Serum 25-OHD levels were significantly lower and hepcidin levels were significantly higher in children with an infectious disease and coexisting anemia than in children with an infectious disease without anemia and in patients without any infection. A serum 25-OHD level < 20 ng/ml held significantly increased odds of anemia than a serum 25-OHD level > 20 ng/ml. However, there was no significant correlation between serum 25-OHD levels and circulating levels of hepcidin. One possible explanation for this is that although the intracellular production of 1,25(OH)2D3 in monocytes and macrophages appears to be sensitive to the availability of substrate 25-OHD in the serum, the hepcidin–ferroportin axis is suppressed by the 1,25(OH)2D3 produced by intracellular 25-OHD3-1 alpha hydroxylase, and is actually regulated by several different cytokines and Toll-like receptors.24 Each of these factors may influence intracellular 1,25(OH)2D3 production and, subsequently, hepcidin expression.

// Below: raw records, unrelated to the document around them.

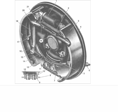 Рис.7.3. Гальмовий механізм заднього колеса: 1 - колісний циліндр; 2 - верхня стяжна пружина колодок; 3 - накладка колодки; 4 - щит гальма; 5 - внутрішня пластина; 6 - оболонка заднього троса; 7 - нижня стяжна пружина колодок; 8 - передня гальмова колодка; 9 - опорна пластина колодок; 10-заклепки; 11 - оливовідбивач; 12 - направляюча пластина колодок; 13 - задній трос стоянкового гальма; 14 - пружина заднього троса; 15 - накінечник заднього тросу; 16 - задня гальмова колодка; 17-опорна стійка колодки; 18-важіль ручного приводу колодок; 19 - гумові подушки; 20 - розпірна планка колодок; 21 - палець важеля ручного приводу колодок.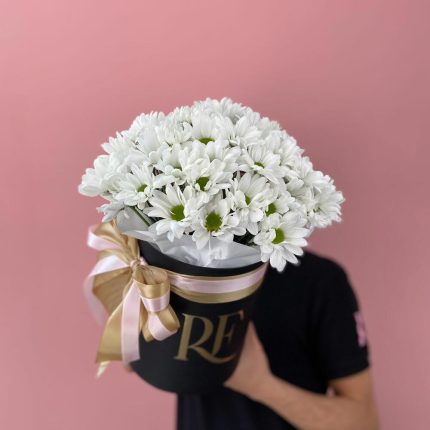 Хризантемы и Пионовидные кустовые розы в коробке + открытка ручной работы в подарок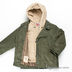 Зеленая куртка прямого кроя застегивается на молнию и кнопки. Два передних кармана. Внутренняя курточка с трикотажными манжетами и капюшоном.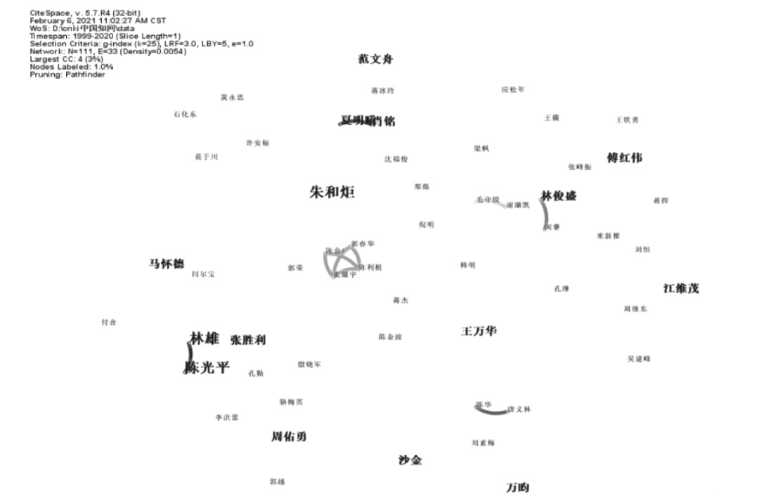 作者共现图谱直接反映作者发文次数,可以较为全面地呈现对该问题进行研究的作者的总体情况。将时间分区(Year Per Slice)设置为1年,节点类型(Node Types)设置为作者(Author),其他参数设置为默认值,运行CiteSpace,在控制面板中,将起始点(Threshold)设置为0,即对每个时间分区内出现的所有作者进行分析,获得作者共现图谱图,如图3所示。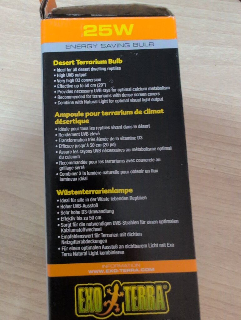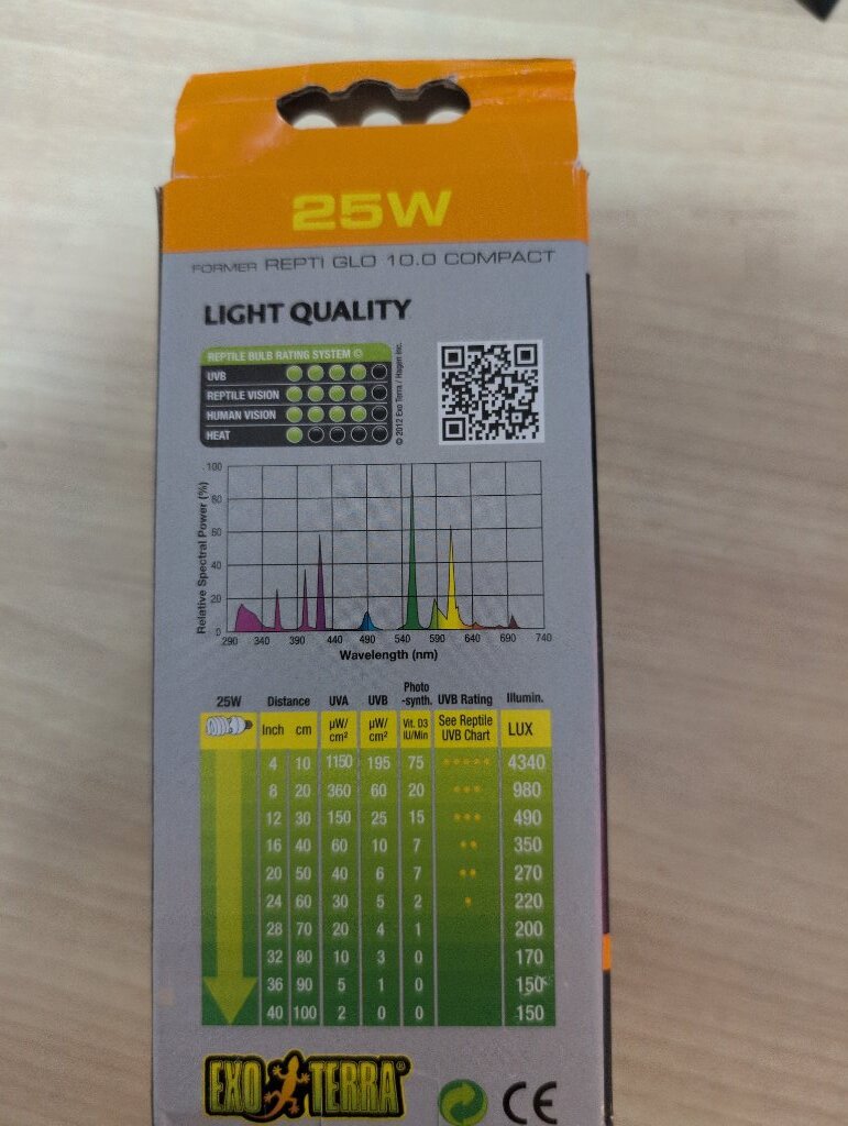 Лампа, которую вы заказали слабая, она не подойдет. Рекомендуют лампу для рептилий 10-12% UVB - из бюджетных можете брать SparkZoo 10% 26вт, Lucky Herp 15% 26вт, Repti Planet (если найдете). -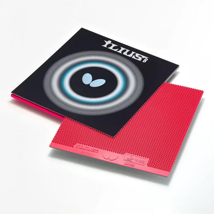 Ilius B is the first long pimpled rubber with “Absorber Sponge Drop” technology developed by . The top sheet is rather hard with pimples whose aspect ratio is at the highest limit permitted. The combination of the top sheet and “Absorber Sponge Drop” provides high performance when playing short over the table, such as chop block. In addition, innovative attacking and defensive play are both possible, making best use of the characteristics of the long pimples, such as a low backhand shots with minimal spin.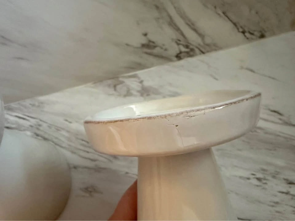 Crate & Barrel Marin ceramic candle holders - can hold tapered or pillar candles. Sold out.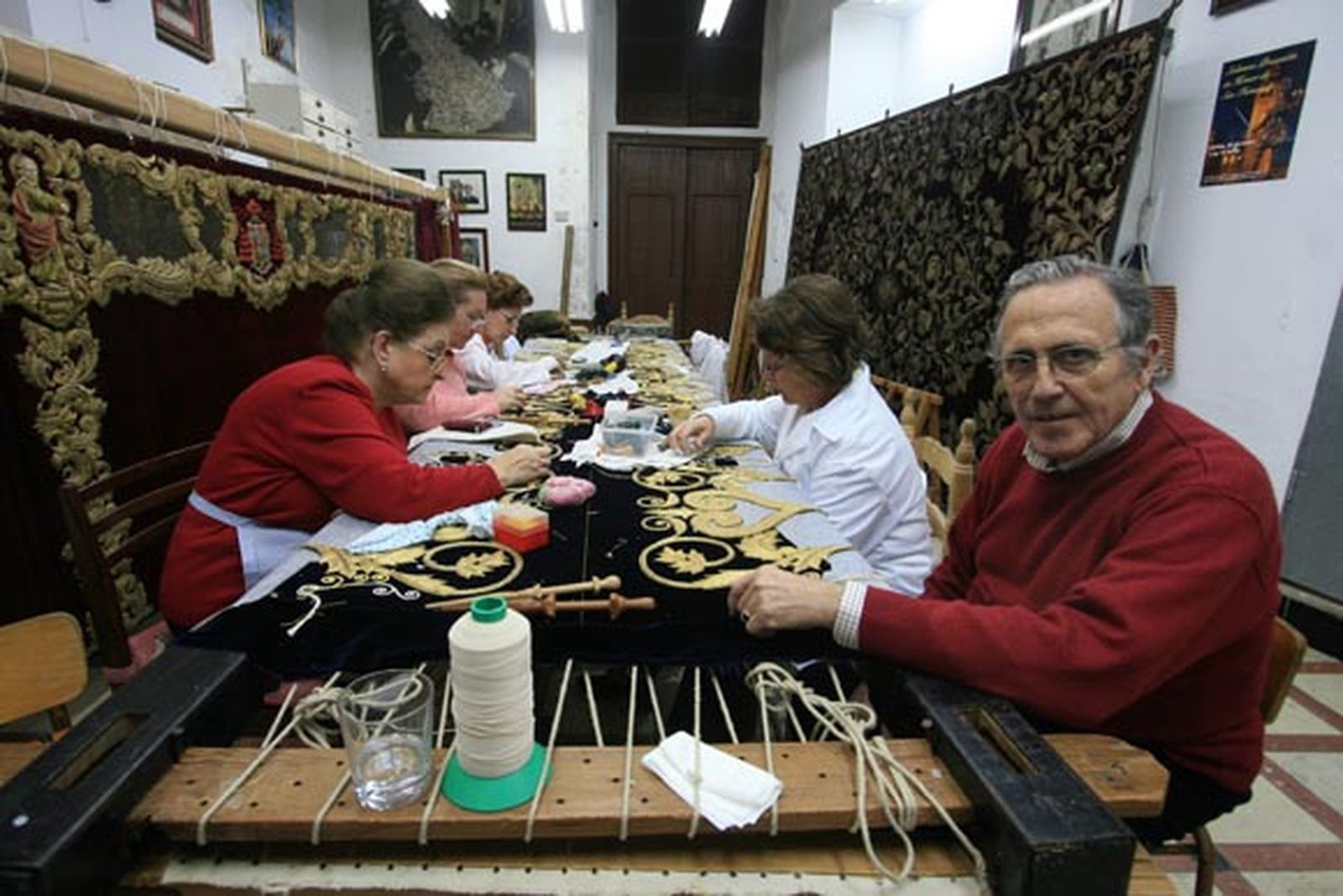 Al hablar de bordados en la Semana Santa es inevitable acordarse de la familia Elena Caro y de uno de los más prolíficos talleres de la artesanía cofrade. El actual responsable es José Manuel Elena Martín, un químico de carrera, que tomó el relevo en la dirección en 1985 tras la muerte de la excepcional Esperanza Elena Caro, aunque desde 1961 ya trabajaba codo con codo con la bordadora. La primera obra que sale del taller cuando toma las riendas es el palio de la Virgen de Guadalupe, “una obra a la que le tengo un especial cariño porque fue lo primero que se hizo cuando murió Esperanza” comenta.
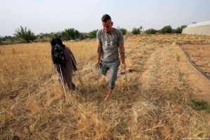 27-year-old Sohaib Qudeh, injured during the Gaza Great March of Return protests, seen on his family field in the southern Gaza city of Khan Younis, in June 2019 [Loai el-Agha / Middle East Monitor]

Moreover, hepcidin synthesis and release from hepatocytes and macrophages into the circulation are controlled by at least eight different proteins.25 Interestingly, Adams et al.26 who studied the direct effect of vitamin D on the expression of cathelicidin, another antibacterial protein, in monocytes found that although 1,25(OH)2D3 directly stimulates cathelicidin expression, there was a lack of any correlation between serum 25-OHD levels and circulating levels of cathelicidin. Those authors emphasized the importance of a local intracrine mechanism regulating 1,25(OH)2D3 and cathelicidin production.

In summary, the findings of the present study indicate that the hepcidin–ferroportin axis is involved in the pathogenesis of hypoferremia and iron-restrictive anemia in children with acute infectious diseases, and suggests that a low vitamin D status may be a contributing factor to anemia.